Tyson tells TMZ that some people are only against the Space Force because it was Trump's idea, but "just because it came from Trump, doesn't mean it's crazy." He says creating a separate Space Force would be similar to the Air Force splitting off from the Army and becoming its own branch in the 1940s. "Today, you're not questioning, 'why is there an Air Force,'" he argues.
So what does Tyson think the Space Force would be good for? Asteroid strikes, for one thing. "What happens when the next asteroid comes and it's going to take us out? I'm going to want a Space Force to bat the thing out of harm's way," he says.

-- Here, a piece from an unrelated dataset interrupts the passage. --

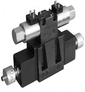 Pilot operated distributor solenoid/hydraulic controlled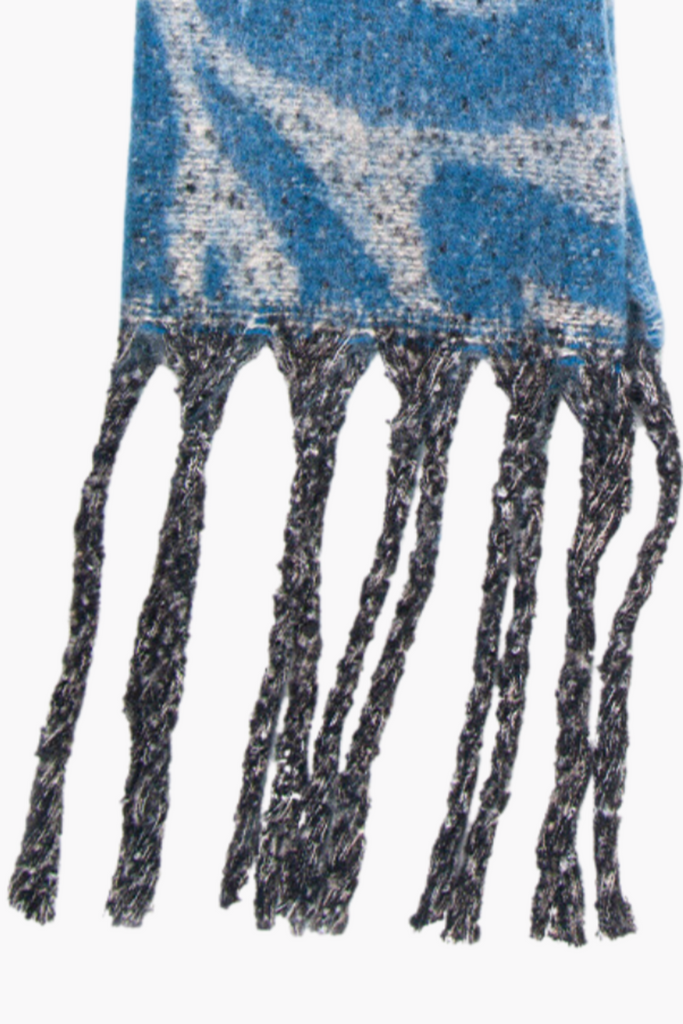 Keep cosy all season long with our blue heavyweight zebra print scarf, featuring a tasseled edge.

Such strikes are a genuine threat, albeit a very unlikely one. And the Observer's Neel Patel makes a decent case that the military would be more suited to plan and carry out the response to an asteroid than a civilian organization like NASA, particularly if the U.S. decided to fire a nuclear missile at the asteroid in the hopes of throwing it off course. The Space Force has also received the support of many officials, including Air Force Chief of Staff David Goldfein and NASA Administrator Jim Bridenstine. But it's not a good idea.
According to The Wall Street Journal, which cited a 2016 study from the Government Accountability Office, there are currently "60 distinct entities that deal with assets in space." In fact, as I noted earlier this month, the U.S. already has a kind of Space Force: the Air Force Space Command, which employs more than 36,000 people. Is there really a need to make the Space Command larger, or to add to the alphabet soup of space agencies?
There's another problem. The U.N. Outer Space Treaty puts some limits on the militarization of space: It bans the use of weapons of mass destruction outside the Earth's atmosphere, and it prohibits the installation of military bases on asteroids or the moon. But as the University of Kent's Gbenga Oduntan writes, the treaty does not preclude member countries from deploying other kinds of weapons in space. If the Space Force triggers an extraterrestrial arms race, we could see "a total disruption of the agreed law that outer space is the common heritage of all humankind."
TMZ, meanwhile, asked Tyson if he would be willing to serve as an adviser on the Space Force. "When the government calls, we all have a duty, if you have a particular expertise that can serve the nation," he responded. "I think you need to serve."